Джорджия смотрела вслед, широко раскрыв глаза. Да, она знала, что Элоиза ей завидует, но не подозревала, до какой степени. Да, ей стоит как можно скорее уехать из Треттфорда в Лондон. И тут возникла новая напасть: к ней приближался лорд Селлерби.
– Моя дражайшая Джорджия в полном блеске! Или, лучше сказать, во всеоружии?
Ей пришлось улыбнуться. Да, за словом в карман он не лезет.
– Мы с вами одного поля ягоды, Селлерби. – Она одобрительно оглядела его костюм из лилового шелка. – Благодарю за то, что почтили нас своим присутствием. Верю, что вы не впадете в политические дискуссии при первом же удобном случае.
– Рядом с таким магнитом, как вы? Ни за что!
Глаза его сияли. С этим срочно надо было что-то делать.
– Вы понимаете, что получить меня в единоличное пользование вам не удастся. Могу ли я просить вас быть полюбезнее с мисс Кардус? Она мало с кем из гостей знакома. Вы, должно быть, помните ее – она была на обеде в Эрне.
И, взяв его под руку, повела к гостям.
– Как можно в вашем присутствии заметить кого-то другого? – шепнул ей Селлерби, однако отменное воспитание не позволяло ему воспротивиться и он старательно изображал восторг.
Тут прибыла чета Брайт-Маллори, и Джорджия направилась к ним, чтобы приветствовать, лихорадочно думая, удастся ли устроить так, чтобы Селлерби и Элоиза поладили. Элоиза хороша собой, что важно для Селлерби, да и приданое у нее недурное. Возможно, она счастлива будет заполучить в мужья графа. Да, они птицы одного полета.
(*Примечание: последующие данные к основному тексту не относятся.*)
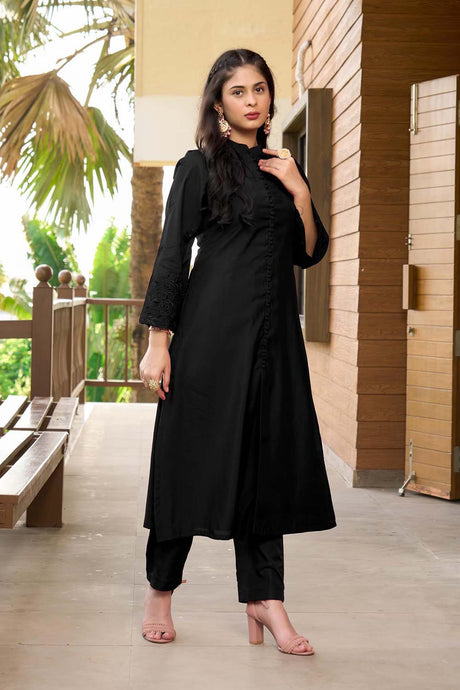 Black Hand Embroidery Art Silk Straight Cut Pants Kurti Set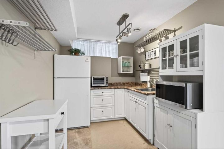 Refrigerator in basement, washer/dryer in basement, hot plate in basement, counter-top convection oven in basement,

Полное имя лорда Брайта – Арснеллбрайт. Джорджия полагала втайне, что для младенца оно чересчур тяжкая ноша. Его назвали в честь одного из британских князей древности или что-то в этом роде. Однако взрослый лорд Брайт был достаточно широкоплеч, чтобы с легкостью нести свое имя. Рослый и мужественный лорд составлял странную пару своей супруге Порции – миниатюрной, не блещущей красотой, с волосами цвета морковки, к тому же совсем не знатной по рождению. За исключением внешнего несоответствия друг другу, это была вполне счастливая чета.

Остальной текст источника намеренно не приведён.